Home Facebook Now Tracking Gross National Happiness; Continues Hoarding Data

Facebook Now Tracking Gross National Happiness; Continues Hoarding Data

Facebook announced this afternoon that it is tracking what it calls its version of Gross National Happiness, based on an analysis of the positive and negative words people use when updating their Facebook status. It’s very interesting to see how people feel about various world events that Facebook has cross referenced – US users are more happy on Thanksgiving than on Christmas, for example.

The new index is interesting, but it’s also a frustrating example of just how much value Facebook is withholding by not allowing everyone access to the anonymous, aggregated activity and conversation of more than 300 million people.

Almost a year ago we wrote about how a widely discussed Facebook Sentiment Engine could be a huge asset. That theoretical possibility held at least as much potential as the very real Google data about most popular searches minute-by-minute during the last Presidential debates.

One best-case scenario we imagined looked like this:

Think of the non-commercial, public interest kind of data that could be acquired. When the economic stimulus plan of 2009 was first announced on national television – what was the reaction of people in their mid twenties who lived in the Mid West of the US? Was that collective reaction substantially different from the reaction of self-identified queer people of color living in the North East US? How did the public reaction to the proposed plan change one hour, one day or one week after the announcement? This is all very interesting and potentially valuable data that could be, for the first time in history, available in near real time.
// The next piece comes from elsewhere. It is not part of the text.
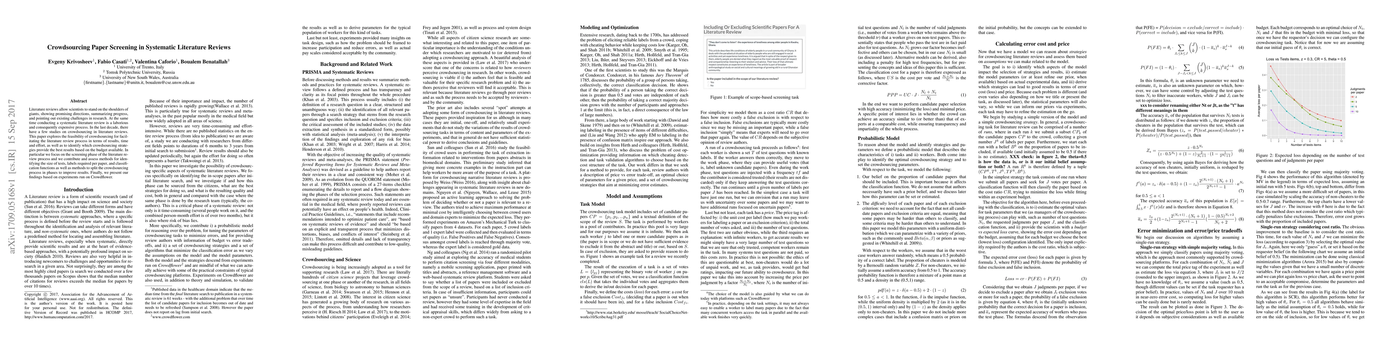 This paper investigates the use of crowdsourcing to streamline the screening phase of systematic literature reviews, assessing its feasibility in terms of outcomes, time, and cost. It proposes methods for determining optimal test sizes, labeling requirements, and classification functions, and evaluates different crowdsourcing strategies to maximize efficiency within budget constraints, based on experiments conducted on Crowdflower.

Just by listening to what people are talking about in status updates and comments.

Unfortunately, that’s not what Facebook has given us. It’s almost a year later and all we get is a hands-off graph showing that people were sad when Heath Ledger died and were happy on National Holidays. What a tragic loss of public access to a valuable resource that we ourselves are creating.

If the movement to make social networking a distributed, decentralized phenomenon ends up succeeding and capturing these kinds of benefits of scale – we’re going to look back at this point in history and think it’s absurd that one company kept so much important knowledge from society at large.